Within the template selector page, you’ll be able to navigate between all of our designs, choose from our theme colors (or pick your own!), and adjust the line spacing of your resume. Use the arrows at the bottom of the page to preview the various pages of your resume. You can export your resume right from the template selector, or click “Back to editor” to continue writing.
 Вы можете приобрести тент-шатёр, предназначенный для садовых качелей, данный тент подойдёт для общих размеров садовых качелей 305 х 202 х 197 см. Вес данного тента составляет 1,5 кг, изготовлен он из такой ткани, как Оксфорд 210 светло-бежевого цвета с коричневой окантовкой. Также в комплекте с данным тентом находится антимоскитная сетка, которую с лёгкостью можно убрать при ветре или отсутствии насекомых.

...

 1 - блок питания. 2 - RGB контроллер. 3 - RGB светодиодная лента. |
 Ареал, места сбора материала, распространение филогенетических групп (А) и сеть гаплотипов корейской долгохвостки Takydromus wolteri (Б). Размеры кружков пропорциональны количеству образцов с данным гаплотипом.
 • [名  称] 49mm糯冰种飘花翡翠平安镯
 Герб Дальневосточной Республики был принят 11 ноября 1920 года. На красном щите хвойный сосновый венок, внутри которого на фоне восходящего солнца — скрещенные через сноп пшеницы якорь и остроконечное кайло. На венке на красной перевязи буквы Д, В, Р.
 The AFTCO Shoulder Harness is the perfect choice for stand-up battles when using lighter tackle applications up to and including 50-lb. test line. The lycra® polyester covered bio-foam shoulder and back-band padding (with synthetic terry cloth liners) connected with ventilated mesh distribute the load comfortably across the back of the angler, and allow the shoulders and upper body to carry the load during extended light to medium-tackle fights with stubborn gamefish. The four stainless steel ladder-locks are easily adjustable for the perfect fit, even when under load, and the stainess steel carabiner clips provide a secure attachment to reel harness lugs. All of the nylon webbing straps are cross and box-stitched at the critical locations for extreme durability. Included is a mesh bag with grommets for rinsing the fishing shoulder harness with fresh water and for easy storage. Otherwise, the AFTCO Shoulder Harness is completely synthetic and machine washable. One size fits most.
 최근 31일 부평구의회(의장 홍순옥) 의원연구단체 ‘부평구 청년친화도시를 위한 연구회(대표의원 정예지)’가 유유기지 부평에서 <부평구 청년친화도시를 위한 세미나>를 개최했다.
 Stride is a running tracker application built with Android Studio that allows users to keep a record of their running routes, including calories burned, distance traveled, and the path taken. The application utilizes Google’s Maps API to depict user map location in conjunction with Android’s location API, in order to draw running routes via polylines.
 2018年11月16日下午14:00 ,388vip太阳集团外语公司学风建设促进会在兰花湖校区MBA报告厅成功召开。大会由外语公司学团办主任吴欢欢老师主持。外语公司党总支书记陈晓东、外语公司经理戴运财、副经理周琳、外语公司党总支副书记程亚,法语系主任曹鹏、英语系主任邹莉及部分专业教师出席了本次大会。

▶ _Work order_
Find where the line with "Ареал, места сбора" sits in the material above, then copy exactly from it through the line with "Герб Дальневосточной Республики". Add no other line.

▶ _Task response_
 Ареал, места сбора материала, распространение филогенетических групп (А) и сеть гаплотипов корейской долгохвостки Takydromus wolteri (Б). Размеры кружков пропорциональны количеству образцов с данным гаплотипом.
 • [名  称] 49mm糯冰种飘花翡翠平安镯
 Герб Дальневосточной Республики был принят 11 ноября 1920 года. На красном щите хвойный сосновый венок, внутри которого на фоне восходящего солнца — скрещенные через сноп пшеницы якорь и остроконечное кайло. На венке на красной перевязи буквы Д, В, Р.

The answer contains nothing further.